In April, a Cambodian woman named Ven Rachna spent six months in prison on pornography charges for wearing “inappropriate” clothing during Facebook live streams, causing a public outcry. 

Before Rachna’s arrest, Prime Minister Hun Sen told authorities to track down women online selling items that were dressed too “sexy.” 

Many Cambodians still expect women to be docile, submissive, and quiet, according to a centuries-old code of conduct known as Chbap Srey.

The code of conduct encourages very old-school ideas of women’s roles in society, and the United Nations said last year that it should be abolished entirely from schools. 

“Your skirt must not rustle while you walk.

You must be patient and eat only after the men in your family have finished.

You must serve and respect your husband at all times and above all else. 

School is more useful for boys than girls,” it reads. 

Chak Sopheap, executive director of the Cambodian Center for Human Rights, told Reuters last week that the proposed law is yet another attempt to stifle women’s freedoms. 

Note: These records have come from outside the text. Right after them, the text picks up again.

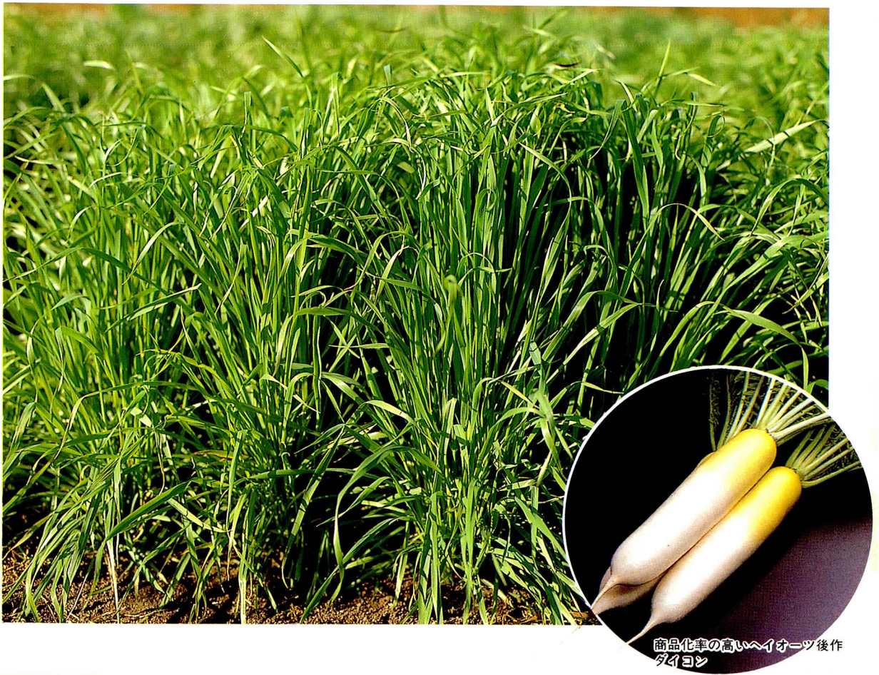
商品化率の高いハイオーツ後作ダイコン
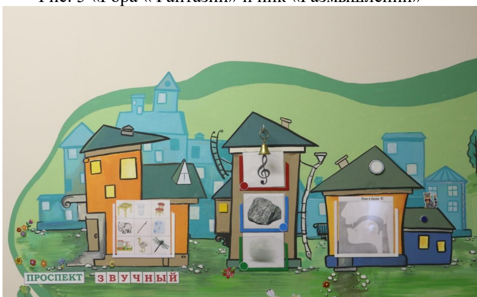
Рис. 6 «Проспект Звучный»
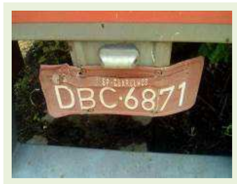
SEMI REBOQUE MARCA FACHINI MODELO FACCHINI SRF CF ANO 2003 ANO MODELO 2004 COMPRIMENTO 15 M ( PESQUISA DE MERCADO ) | Item: 317 |
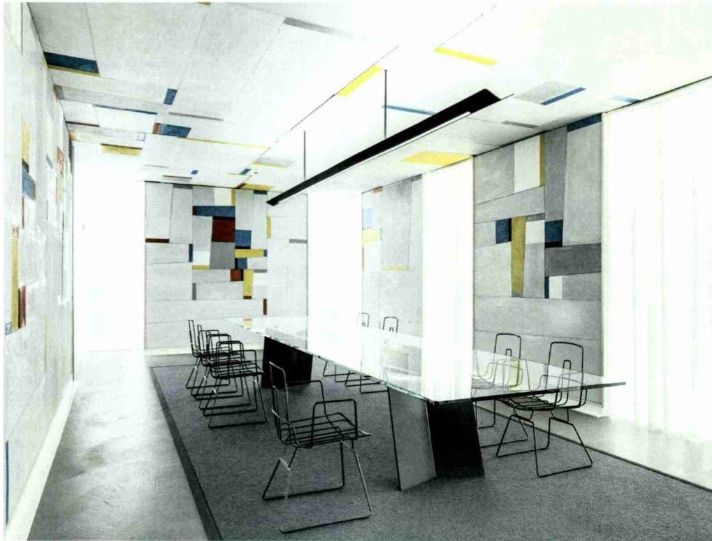
Alfredo Häberli stattet Fritz Glarners Rockefeller Room mit leichten Stühlen, einem schwebenden Glastisch und einer Leuchte aus. Ein grauer Teppich bindet die Intervention zusammen, die den Blick auf Glarners Werk freilässt.

Themen-Nr.: 800.008 Abo-Nr.: 800008 Seite: 60 Fläche: 58'914 mm 2
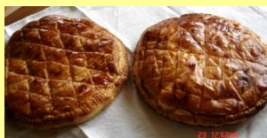
❖ Galette des Rois
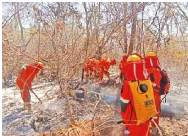
Incendio en un municipio de Santa Cruz.

De acuerdo con el reporte oficial cruceño, existen 27 incendios forestales activos en 10 municipios. “San Ignacio de Velasco, aunque aún no ha sido declarado en desastre, es una de nuestras principales
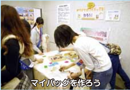
マイバッグを作ろう
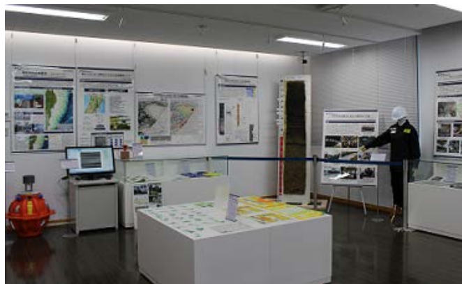
災害研2F展示スペース。災害調査や災害研究に関する展示を行っています。
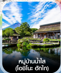
หมู่บ้านน้ำใส (โอบิโนะ อักโก)

✈️ คอนเฟิร์มออกเดินทาง ทุกพีเรียด 2 ท่านขึ้นไป
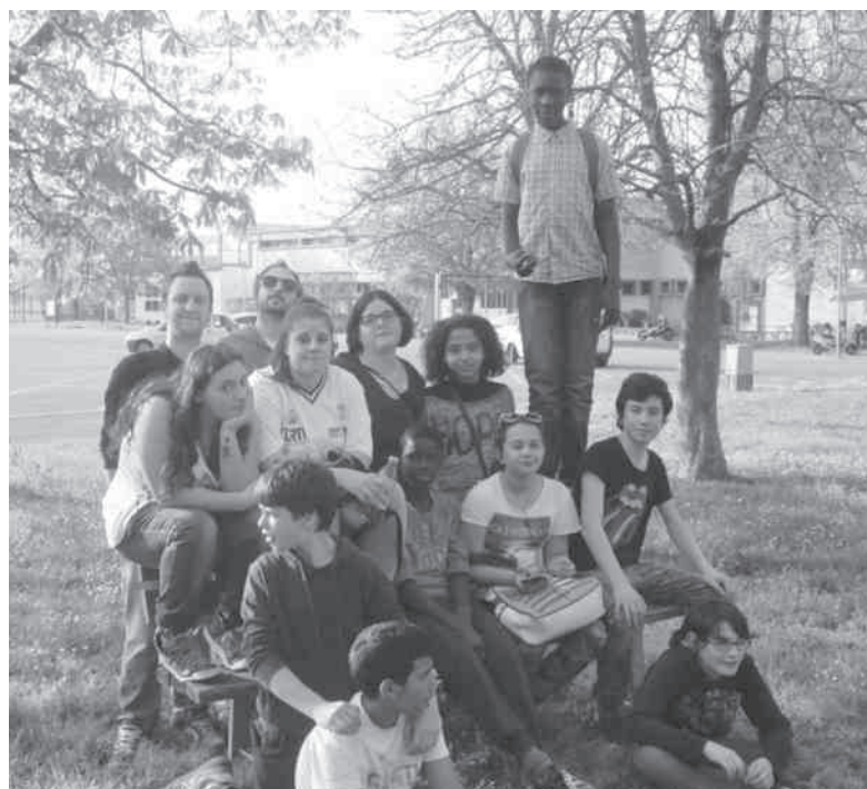
foto in alto: il gruppo dei giovani fotografi (assieme agli educatori del Free To Fly) durante la loro escursione fotografica per la città

Ne è uscito un volumetto di immagini distribuito alla Sagra delle Alfonsine, nonché una mostra fotografica, con molti più scatti, relativi anche al backstage, ovvero ai lavori preparatori: la mostra sarà allestita durante la Sagra delle Alfonsine nell'area giovani in Corso Matteotti, con un momento inaugurale nel pomeriggio di giovedì 15 maggio.
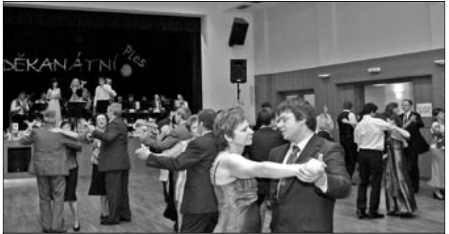
V divadelním sále vyhrávala k tanci a poslechu Staroměstská kapela.

Manžel se zdržel na školním plese s učitelkou svého synka. Po příchodu domů vtrhne do ložnice a ve skříni najde cizího muže. „Tak mluv borečku! Jsi zloděj, darebák nebo milenec mé ženy!? Dopadený odpoví nemesně: „Prosím, já jsem jenom mol šatní!“
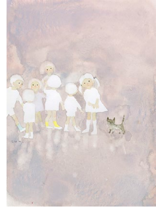
図5 猫と子どもたち 1969年

丸く、まだどこか、バランスが悪いさまは、彼らが保護されるべき存在であることを思わせると同時に、いじらしさを感じさせます。そこには、幼い子どもも既に一人の人間
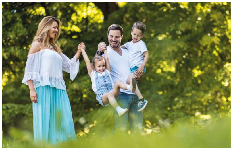
FORÊT DOMANIALE D'ORLÉANS
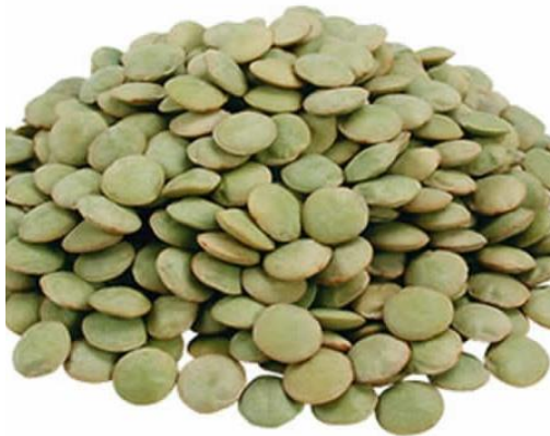
Slika 7. Zelena leća

Zelena leća (Slika 7.) – sadrži bjelančevine, može biti zelenkasto-smeđe boje, ljutkastog je okusa i ima tvrdi sjajnu opnu ( https://www.krenizdravo.hr/ ).
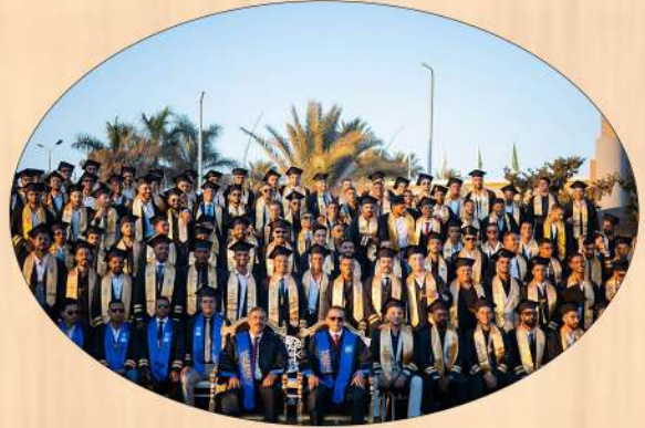
كلية التربية الرياضية بنين
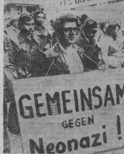
НА СНИМКЕ: участники манифестаций.

▲ Неделя борьбы против фашизма и неонацизма прошла в столице Австрии. Участники митингов и манифестаций, организованных в рамках недели, разоблачали кровавые преступления гитлеровцев в годы второй мировой войны, требовали остановить возрождение нацизма, запретить неонацистские организации. НА СНИМКЕ: участники манифестаций.
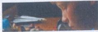
Técnicas de estudio: cada asignatura, su método
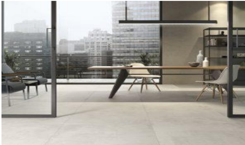
Рис. 3.1. Плитка з керамограніту

Відповідно, розробка стильового оформлення інтер'єру виконується з врахуванням особливостей та побажань конкретної особистості. У кожної людини погляди на особистий простір абсолютно різні: хтось цінує гармонійність інтер'єрів кожної кімнати та спокійні, стримані тони, а інші віддають перевагу нестандартним, креативним рішенням та яскравим кольорам.
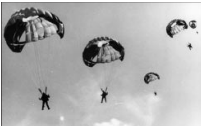
PA in ploeg van 5.
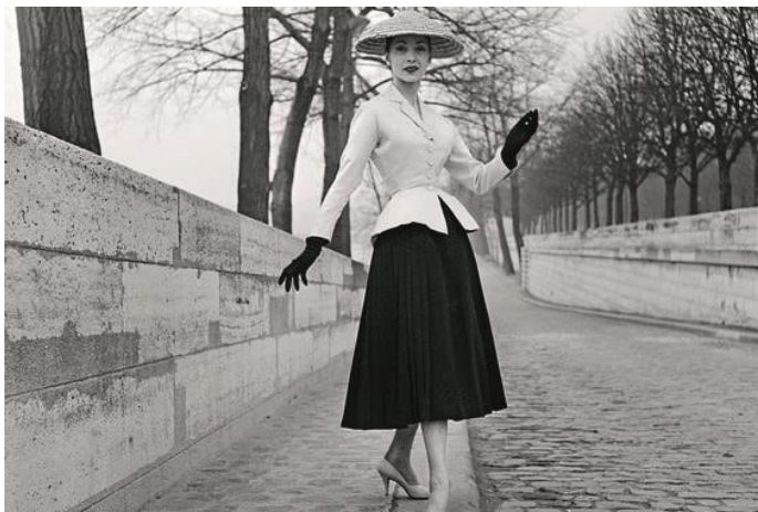
Илл. №1. Кристиан Диор. Ансамбль «Бар».

Вопрос 1. Дайте краткую характеристику эпохи или временного периода в истории дизайна, к которому принадлежит представленный объект (илл. №1). Укажите, какие стилистические черты позволяют отнести его к данному историческому периоду.

“In recent months, we’ve seen the policing of women’s bodies and clothing from the highest level of government, belittling women’s rights to bodily autonomy and self-expression, and placing blame on women for violence committed against them,” Sopheap said. 

Many women’s rights groups worry that this new law would put women further at risk of sexual harassment and violence by fostering a culture of victim-blaming. But there is hope. 

Deputy director of Amnesty International in the Asia-Pacific region, Ming Yu Hah, is pleased to see how many people are talking about the issue. 

“It is rare for a draft law to be shared like this, giving us the chance to discuss it as a society,” she said. “The reaction on social media is very positive: people from all parts of society are talking about gender equality.”